Volvieron a la casa con la mecedora. En la puerta de la calle, Zavalza quiso que su mujer se acomodara en ella para cruzar el umbral cargándola con todo y silla. Emilia cedió a sus deseos con una solemnidad poco usual. Acomodó los pliegues de su falda, alzó los pies del suelo, cerró los ojos y avisó que estaba lista. Zavalza vio un temblor agitando sus pestañas oscuras y antes de levantarla se acercó a oír la boca con la que ella murmuraba algo parecido a una jaculatoria. Al sentirlo cerca, Emilia le extendió un beso como un cheque en blanco. Un minuto de cielo los tocó con su embriaguez y su audacia. Luego él alzó la silla y entró en la casa cargando aquel botín de penas y glorias que la vida había tenido la generosidad de poner en sus brazos.

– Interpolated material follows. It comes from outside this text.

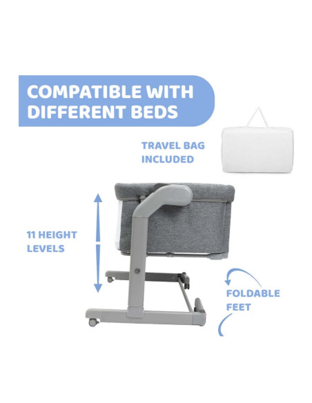 COMPATIBLE AVEC DIFFÉRENTS LITS : Le Chicco Next2Me Magic Evo est équipé de 11 niveaux de hauteur pour s'adapter à différents types de lits. Les pieds peuvent être pliés pour s'adapter aux lits à tiroirs.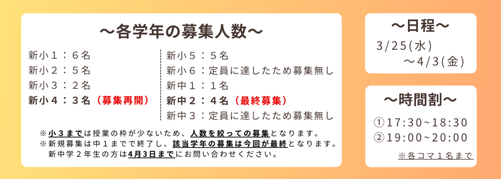 募集学年・時間帯の詳細は以下をご確認ください↓

Aquel había sido un día largo: en la madrugada una mujer tuvo a bien parir triates, más tarde un hombre llegó con el brazo a medio arrancar por el machete de su compadre y, para culminar, madame Moré irrumpió como a la una dando gritos presa de una apendicitis que operaron sin quedar seguros de que sobreviviría. Madame Moré era una vieja simpática y cariñosa cuya fama de puta europea había traído a Puebla cuarenta años antes a hombres de todas las regiones del país. Con el tiempo estaba convertida en una especie de abuela exótica dispuesta a pregonar por fin que su condición de europea le venía de un zuavo que tras dormir una noche sobre el petate de una zacapoaxtla, le dejó sembrada en la barriga una niña de ojos verdes y pelo rubio cuyo nacimiento avergonzó al pueblo entero. Horrorizada de haber prohijado semejante rareza, su madre había hecho viaje a la ciudad para dejarla en manos de alguien que tuviera el desfalco de una piel tan clara como la suya. El único sitio de blancos al que la zacapoaxtla pudo colarse a las once de la mañana sin que nadie se lo impidiera, fue el honorable quilombo cercano a la estación del ferrocarril. Ahí, dormida en mitad de un cuarto de blancas mujeres dormidas, dejó a la criatura con la tranquilidad de que entre ellas nadie encontraría extraños su color y sus rasgos. Emilia y Antonio la habían adoptado sin más a pesar de la pestilente fama que la acompañaba, desde la primera tarde en que se presentó a consulta. Porque desde entonces, los entretuvo sentarse a escucharla soltar refranes o describir con minucia las intimidades de todos aquellos que alguna vez se refugiaron contra el poblado vello zacapoaxtla que cubría su blanquísimo pubis bretón.